Neel Jani (born 8 December 1983) is a Swiss professional Porsche factory driver. His father is from India and his mother is German Swiss.

He achieved his greatest success winning the 24 Hours of Le Mans in 2016 after first joining Porsche's LMP1 programme for the 2014 season driving in the WEC. Previously, Jani drove for A1 Team Switzerland in A1 Grand Prix, helping them win the 2007-2008 title and finishing runner-up in 2005-06 and 2008–09. He raced for PKV Racing in the North American Champ Car series in 2007. He is also a GP2 Series race-winner and former Formula One test driver.

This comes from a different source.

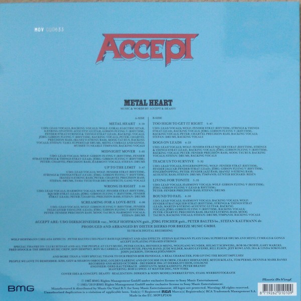 Artista(s) / Grupo: Accept | Cantidad de Discos: 1 LP | Lanzamiento: 2019 | Género(s): Rock | Estilo(s): Heavy Metal | Título: Metal Heart | Artista(s) / Grupo: Accept | Cantidad de Discos: 1 LP | Lanzamiento: 2019 | Género(s): Rock | Estilo(s): Heavy Metal | Título: Metal Heart | Artista(s) / Grupo: Accept | Cantidad de Discos: 1 LP | Lanzamiento: 2019 | Género(s): Rock | Estilo(s): Heavy Metal | Título: Metal Heart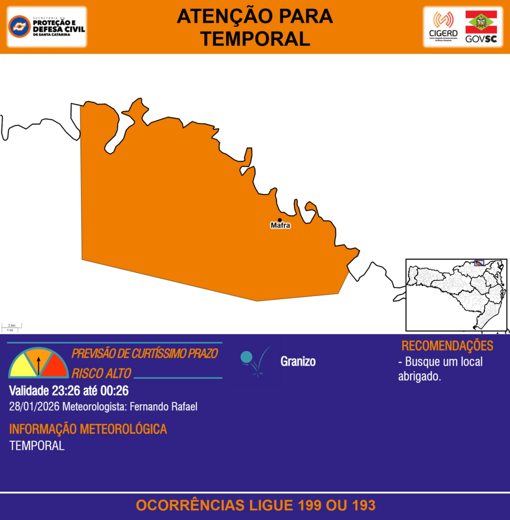 ATENÇÃO – 28/01 23:26 – TEMPORAL com GRANIZO para o município de Mafra na próxima hora. Ocorrências ligue 199 ou 193.

He joined Formula E's Faraday Future Dragon Racing squad for the 2017/2018 season but left the team after one weekend. For the 2019-20 Formula E season, he returned with his home brand Porsche with teammate Andre Lotterer.

First steps
Born in Rorschach, Jani started his career in karting in 1998 where he stayed for two years before moving up to Formula Renault 2000 Eurocup in 2001. In the same year, he also raced some races in Italian Formula Renault. He stayed in both for 2002, again only racing part of the Italian Formula Renault season. In 2003, he moved to Formula Renault V6 Eurocup, driving for the Jenzer team. In that year, he finished second by only four points in the championship with Jenzer Motorsport. In 2004, he again raced in the Formula Renault V6 Eurocup but changed team, running with the French team DAMS, stating in the Swiss press, "This year, it is win or nothing." He finished fourth in the championship that year, while his old team, Jenzer Motorsport finished second with their rookie driver Ryan Sharp.

GP2
In 2005, he raced in the GP2 Series with Racing Engineering alongside Borja García who he generally outperformed. He won two races, at the Hungaroring and at Monza. He also managed to lead most of the Nürburgring race in a clearly slower car with some effective defensive driving.

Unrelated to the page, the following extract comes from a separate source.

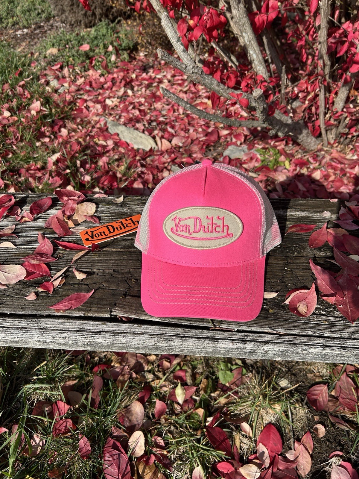 как выглядит VON DUTCH Classic Pink And Gray Trucker Cap    HOT PINK фото

In 2006, he replaced injured Nicolas Lapierre in the Silverstone and Magny-Cours races for English race team Arden. By doing this, he also secured his place in the record books, being the only person to ever drive in both GP2 and F1 on the same day.

A1 Grand Prix

He then raced in the new A1 Grand Prix series, representing his home nation with A1 Team Switzerland. In the inaugural season of A1GP, the team earned the silver medal for second place, with Jani consistently finishing on the podium, including a win at the Dubai Autodrome of the 2005-06 United Arab Emirates Sprint race.

After leaving the first two rounds of the 2006-07 season  to Sébastien Buemi, Jani win another 2006–07 Malaysia Sprint race.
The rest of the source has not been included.